It is not currently possible to blend or combine units in the merge zones; you have to choose one.

Querying the striplog

This results in a new Striplog, contianing only the intervals requested.



In [43]:

    
strip.find('sandstone')









    Out[43]:





Striplog(4 Intervals, start=51.24117647058824, stop=81.78235294117647)



In [44]:

    
strip.find('sandstone').unique









    Out[44]:





[(Component({'lithology': 'sandstone', 'colour': 'grey', 'grainsize': 'vf-f'}),
  22.423529411764697)]



In [45]:

    
strip.find('sandstone').cum









    Out[45]:





22.423529411764697



In [46]:

    
strip.find('sandstone').plot(aspect=3)

Let's ask for the rock we just found by seaching.



In [47]:

    
rock = strip.find('sandstone')[1].components[0]
rock









    Out[47]:




lithology sandstone
colour grey
grainsize vf-f

We can also search for a rock...



In [48]:

    
strip.find(rock).plot(legend, aspect=3)



In [49]:

    
rock in strip









    Out[49]:





True

And we can ask what is at a particular depth.



In [50]:

    
strip.read_at(90).primary









    Out[50]:




lithology siltstone
colour grey

Combining striplogs with binary operations

We'd like to operate on the pairs of striplogs, finding overlaps and their intersections.



In [51]:

    
chrono = Striplog([Interval(**{'top': 0,  'base': 60, 'components':[Component({'age': 'Holocene'})]}),
                   Interval(**{'top': 60, 'base': 75, 'components':[Component({'age': 'Palaeogene'})]}),
                   Interval(**{'top': 75, 'base': 100, 'components':[Component({'age': 'Cretaceous'})]}), 
                   ])



In [52]:

    
time = Legend.default_timescale()



In [53]:

    
time[2]









    Out[53]:




colour #fef691
width None
component age quaternary
hatch None



In [54]:

    
chrono.plot(time, aspect=3)



In [55]:

    
sands = strip.find('sandstone')
cretaceous = chrono.find('Palaeogene')

fig, (ax0, ax1, ax2) = plt.subplots(1, 3, sharey=True)
ax0 = sands.plot(legend, ax=ax0)
ax1 = chrono.plot(time, ax=ax1)
ax2 = sands.intersect(cretaceous).plot(legend, ax=ax2)

ax0.set_title('Sands')
ax1.set_title('Chrono')
ax2.set_title('Tert. sands')

ax0.set_ylim(100, 40)

plt.show()



In [56]:

    
for i in sands:
    a = chrono.read_at(i.top.z)
    i.data = {'age': a.primary['age']}



In [57]:

    
sands[1]









    Out[57]:




top 60.95882352941177
primary lithology sandstone
colour grey
grainsize vf-f
summary 2.96 m of sandstone, grey, vf-f
description 
data age Palaeogene
base 63.92352941176471

Map, reduce, filter

Striplogs are just lists of Intervals, so you can use Python's functional programming patterns on them quite easily.
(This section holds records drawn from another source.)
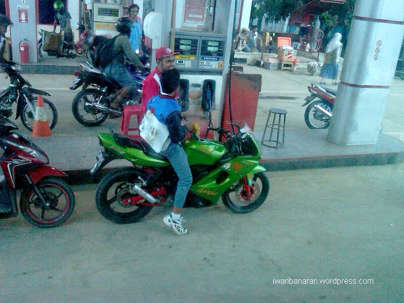 ( mau ambil gambar takut gan,,,ntar ane dihajar malah repot,,tampangnya sadis ),,,), tapi ada lucunya, pas beliau beli bensin eh malah suaranya kenceng tanpa dosa, PREMIUM PAK, 30 ribu, ( boncenger sama tukang spbu malah senyum plus ketawa, ewkwkwk ), dan si penunggang ninja jawab ( dah biasa pakai pertamax, njajal ( nyoba ) premium yang murah )……ane pun segera jalan aja deh sambil NAHAN ketawa akah bapak2 satu ini.,,wkwkwk, ra ndue isin ![]()
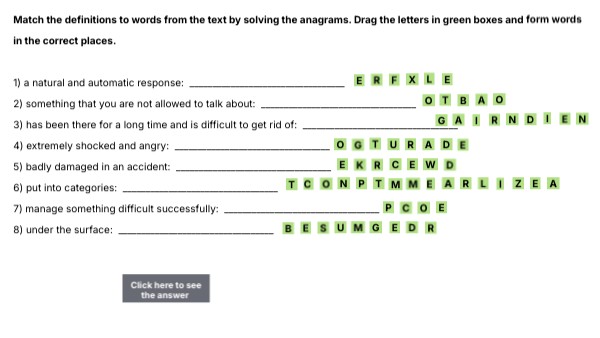Match the definitions to words from the text by solving the anagrams. Drag the letters in green boxes and form words in the correct places. 1) a natural and automatic response: __________________________________ 2) something that you are not allowed to talk about: __________________________________ 3) has been there for a long time and is difficult to get rid of: __________________________________ 4) extremely shocked and angry: __________________________________ 5) badly damaged in an accident: __________________________________ 6) put into categories: __________________________________ 7) manage something difficult successfully: __________________________________ 8) under the surface: __________________________________
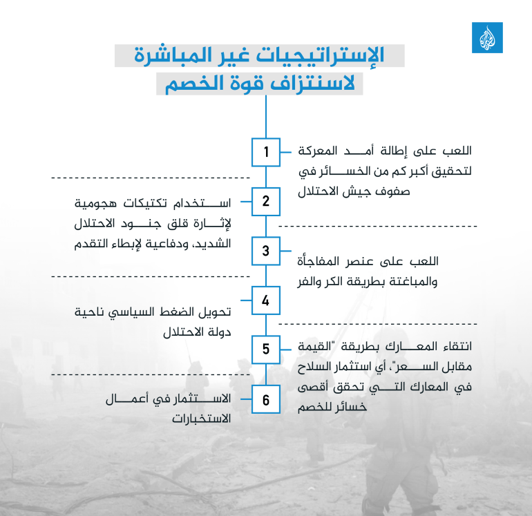 كيف أمكن في المقابل لكتائب القسام، التي تمتلك عددًا من الجنود قد يتجاوز بالكاد 5٪ من عدد جنود جيش الاحتلال، بلا دبابات أو طائرات، مع كم أقل من كل أنواع السلاح، أن تقف بثبات ضد تلك الحملة لكل تلك الفترة؟ أجبنا جزئيا عن هذا السؤال عبر ما مضى من نقاط تتعلق بدور الاستخبارات وكيفية انتقاء السلاح ومن ثم انتاجه محليا وكيفية ادارة المعارك المشتركة، لكن إذا تأملنا المعركة من عين الطائر، فإننا سنرى شيئًا اضافيًا يتعلق بإدارة المعركة ذاتها على مستوى أوسع، وهنا سنلتقي بالاستراتيجية غير المباشرة في الحرب، أي تلك الخطوات التي تتخذها قوة ما للحصول على نتيجة بطرق أخرى غير الحسم العسكري.
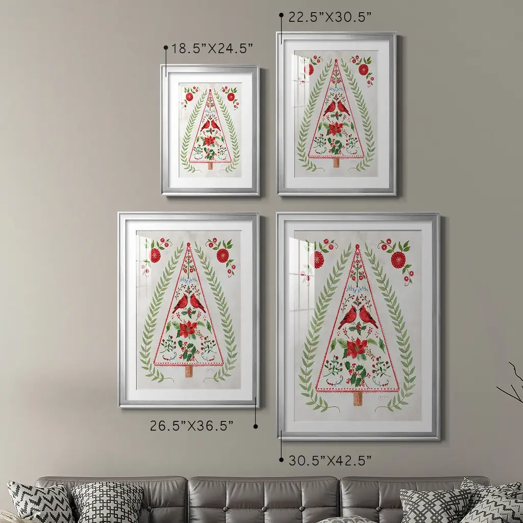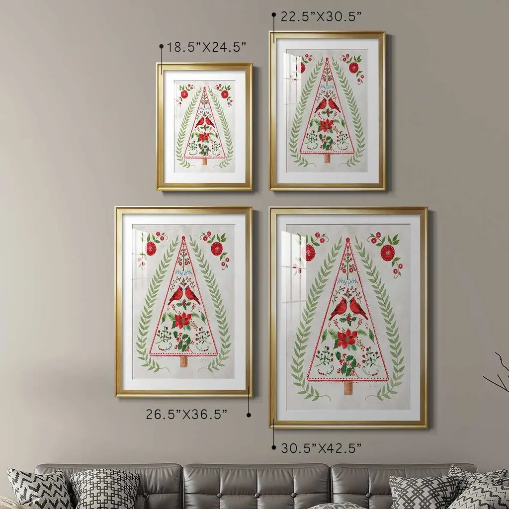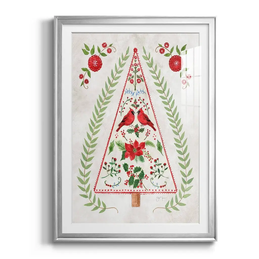 Christmas Folk Tree Premium Framed Print - Ready to Hang A Premium Framed Print created to last. Framed in distressed wood and available in an array of sizes and colors Featuring a beveled a solid wood stretcher bar, each piece comes ready to hand 4 SIZES AVAILABLE 30.5''X42.5'' - Overall Size 26.5'X36.5'' - Overall Size 22.5''x30.5'' - Overall Size 18.5''x24.5'' - Overall Size Each piece is made to order. Each piece comes with hanging hardware. Made in the USA Ready to Hang Giclee Paper Print Acrylic Glass Beveled Matt Board
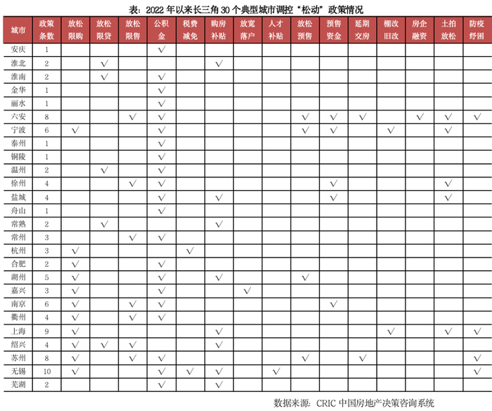 因此前长三角市场热度一直较高,因而也成为楼市调控的重点区域,30个典型城市中有20余个出台了不同程度的楼市紧缩性政策,具体来看:
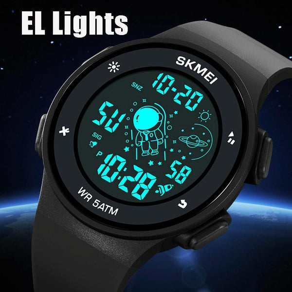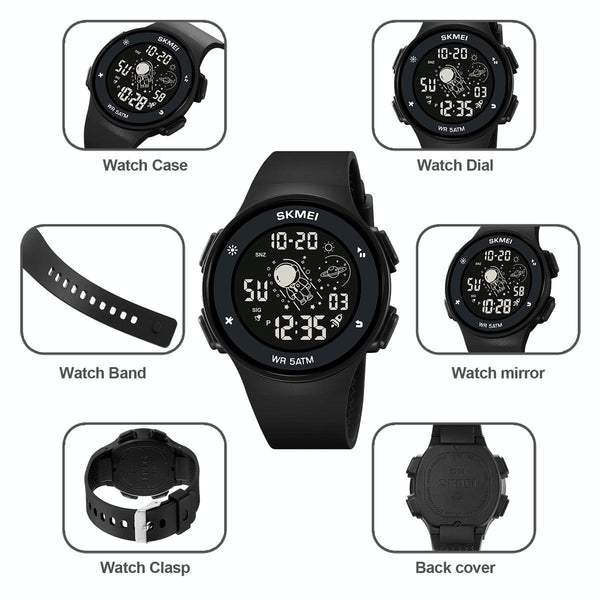 5. Functions: dual time, date, stopwatch, EL luminous, alarm clock, hourly time chime, 12/24 hour format, countdown
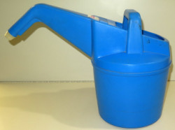 about 2-quart size, paper label is partially torn, don't believe it was ever used
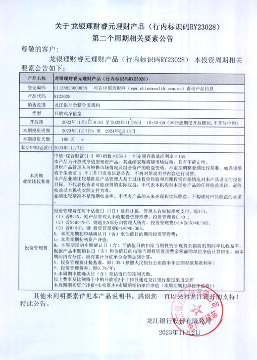 龙银理财睿元理财产品(行内标识码RY23028)第二个周期相关要素公告
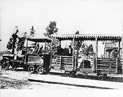 ![]() The Get Out and Push Railroad in 1887, "with seats all around and a place in the center for baggage"[1] | |
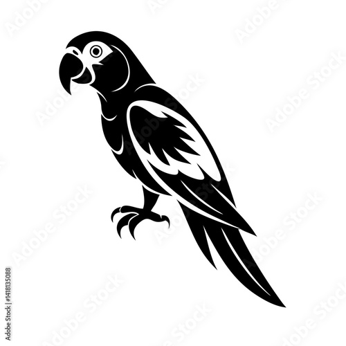 Obraz premium Black and white parrot vector illustration, a wild bird silhouette on a branch
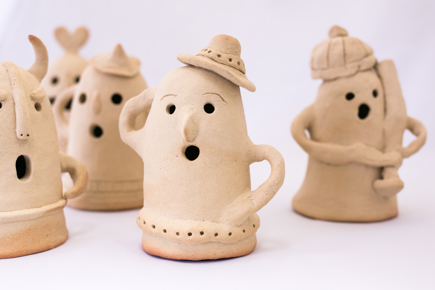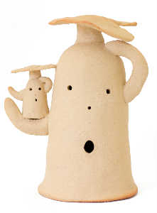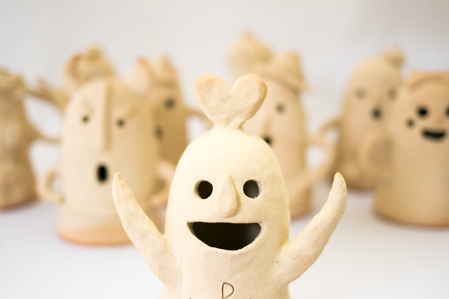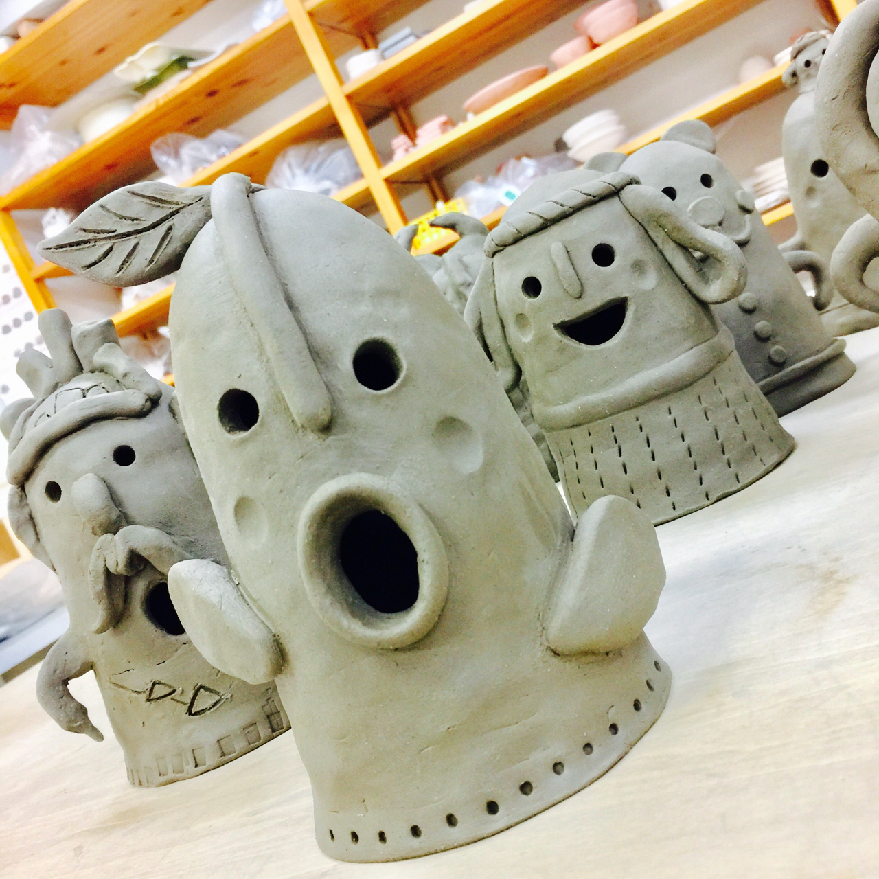 小さなお子様はひも土づくり、大人は型に巻きつけて分業、顔のパーツはいっしょにひっつけて楽しみましょう。
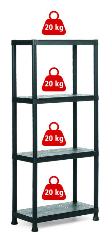 Varianta PLUS 60/4 je ideální typ pro uskladnění menších věcí, dá se využít např. jako regál na boty, šanony nebo nepoužívané hračky. - každá ze 4 poliček unese 20 kg- snadná montáž bez potřeby nářadí- regály se mezi sebou dají spojovat v pevný regálový systém- balení obsahuje i součástky pro přimontování ke zdi- zvýšené nohy umožňují zametení podlahy pod regálem- vhodný do domácnosti, garáží, skladů apod.
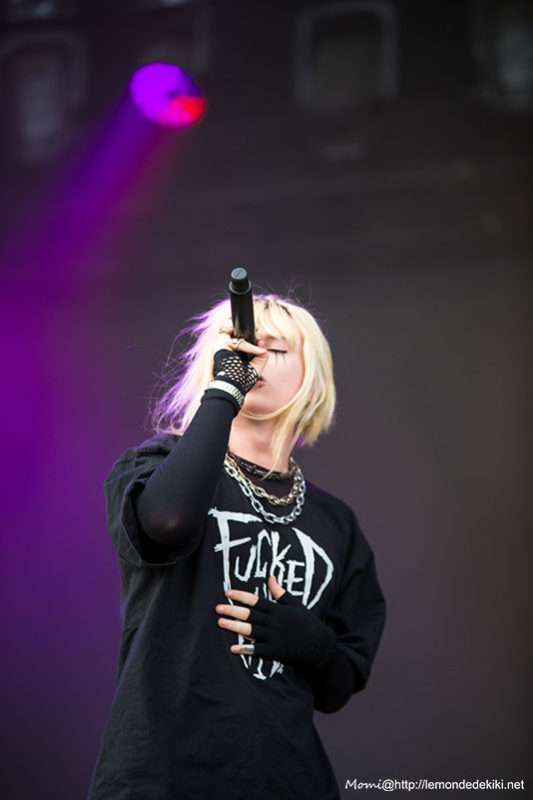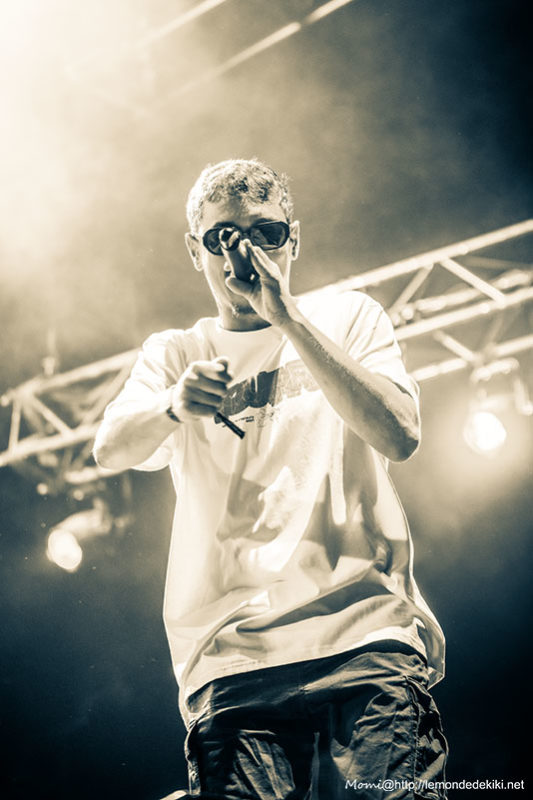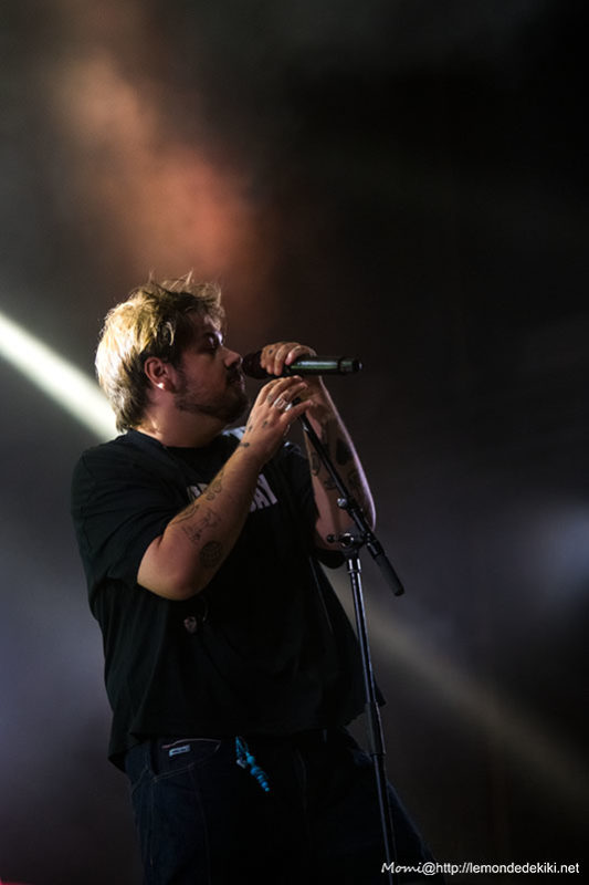 C’est drôle comment mes potes me connaissent… Alors que je sors du chapiteau, je pointe mon petit bout de nez en fosse de la scène Lancelot, et directement, certains me regardent avec un petit sourire en coin… hum huuuuumm, que se trame-t-il? Je regarde derrière moi, rien ! Sur les côtés, pas plus ! Ok, allez, crachez votre Valda, vous m’avez préparé quelle ânerie? Et ça fuse, « toi, tu vas pas aimer ! », « Allez, bon courage ! », « Tu vas tenir le coup? »… Amen, je souffle et comprends que je me dirige vers set de rap.
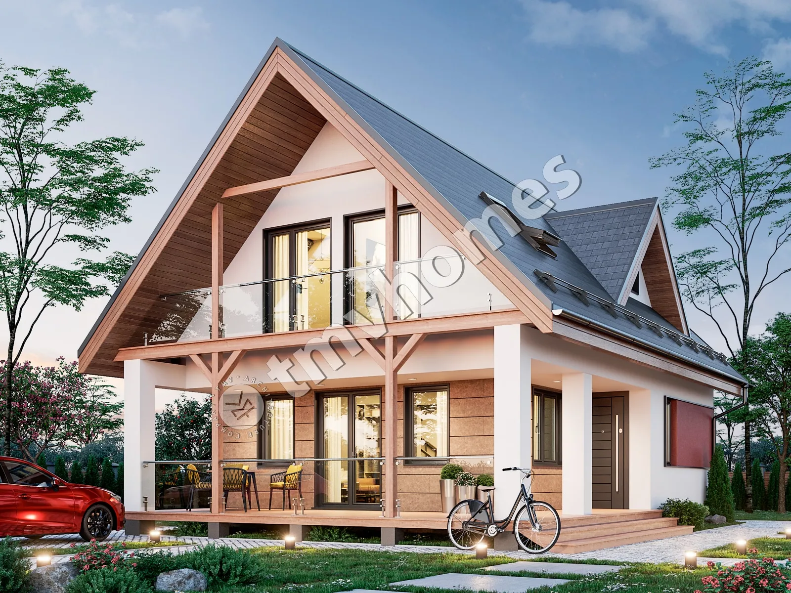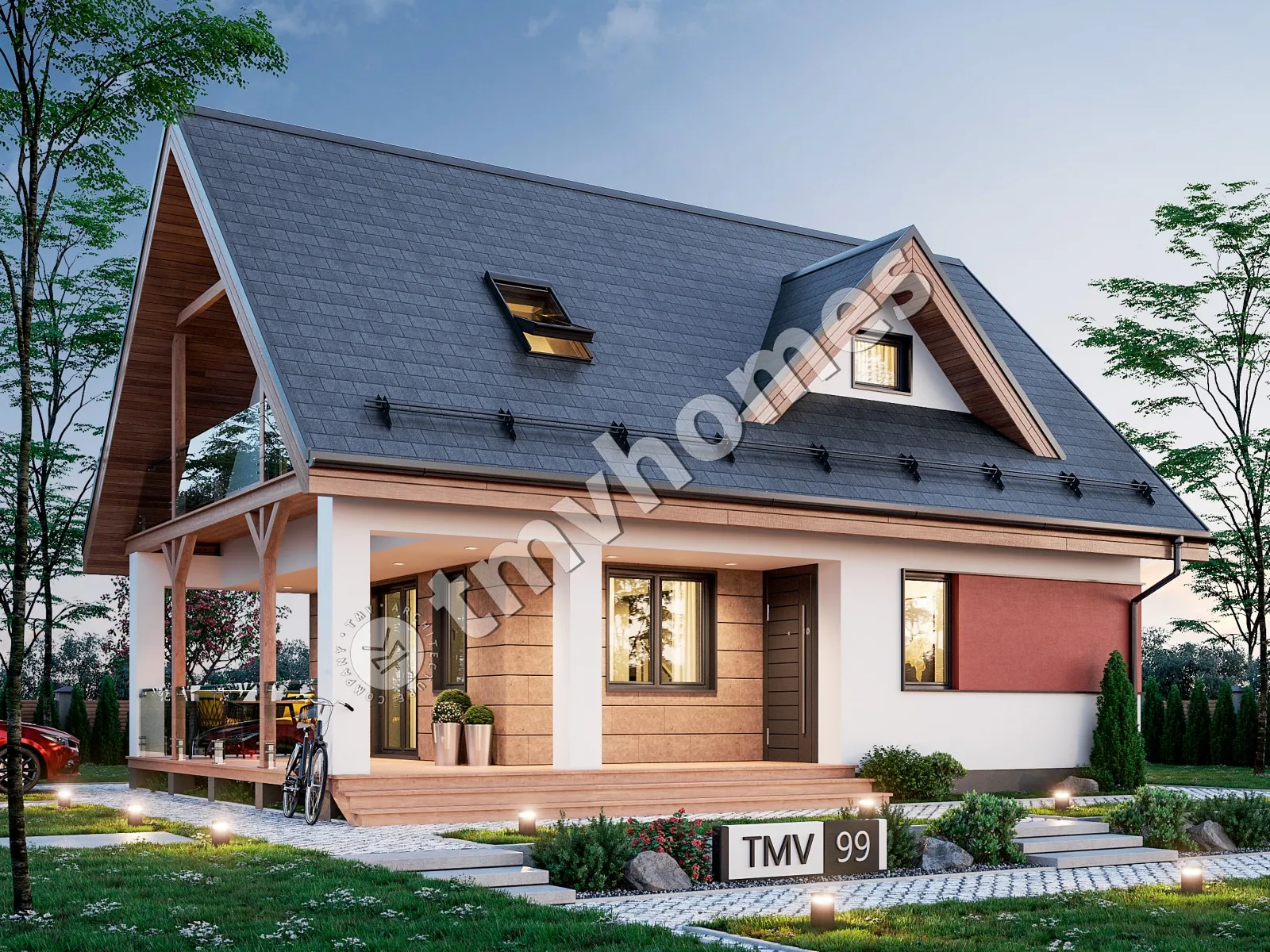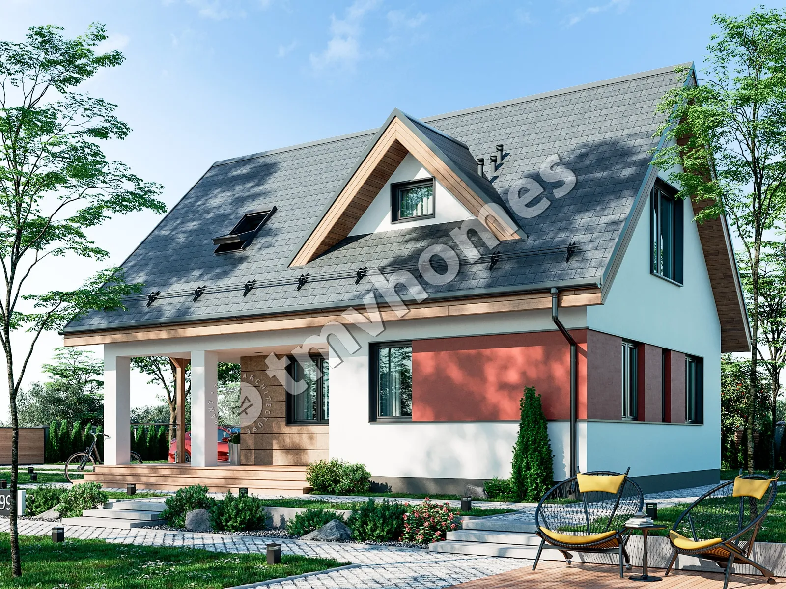 Проект TMV 99 - дачный двухэтажный дом с мансардой и террасой. Состав помещений: прихожая, гостиная, кухня, 3 спальни, 2 санузла.

For example, you can map functions and lambdas onto striplogs:



In [58]:

    
tops_in_feet = map(lambda i: i.top.z/0.3048, strip)
list(tops_in_feet)[:5]  # First 5 only









    Out[58]:





[46.91601049868766,
 168.11409603211365,
 182.70418403581905,
 193.12567546703724,
 199.9961401883588]

Don't forget the humble list comprehension though...



In [59]:

    
[i.thickness for i in strip][:5]









    Out[59]:





[36.941176470588246,
 4.44705882352941,
 3.176470588235297,
 2.094117647058816,
 2.964705882352945]

Add all the thicknesses of intervals with a top depth > 100 m:



In [60]:

    
from functools import reduce

def sumr(a, b): return a + b

reduce(sumr, [i.thickness for i in strip if i.top.z > 100])









    Out[60]:





31.341176470588238

To go even further, let's add a porosity array to each interval's primary component:



In [61]:

    
import random
for iv in strip:
    iv.data['porosity'] = np.random.random(3)/4
strip[4]









    Out[61]:




top 60.95882352941177
primary lithology sandstone
colour grey
grainsize vf-f
summary 2.96 m of sandstone, grey, vf-f
description 
data por 0.165
porosity [0.04986906 0.1961443  0.0098945 ]
base 63.92352941176471

We can also write a function that returns True for some condition, and then filter intervals on that condition:



In [62]:

    
def porous(component):
    return component.data['porosity'].mean() > 0.15
    
Striplog(list(filter(porous, strip)))









    Out[62]:





Striplog(5 Intervals, start=14.3, stop=96.08823529411765)

It's a bit clunky now that filter returns an iterator. But it's also clunky because you can't pass arguments to the function you're giving filter — so you can't set the porosity to compare against when you call it, you have to edit the function itself.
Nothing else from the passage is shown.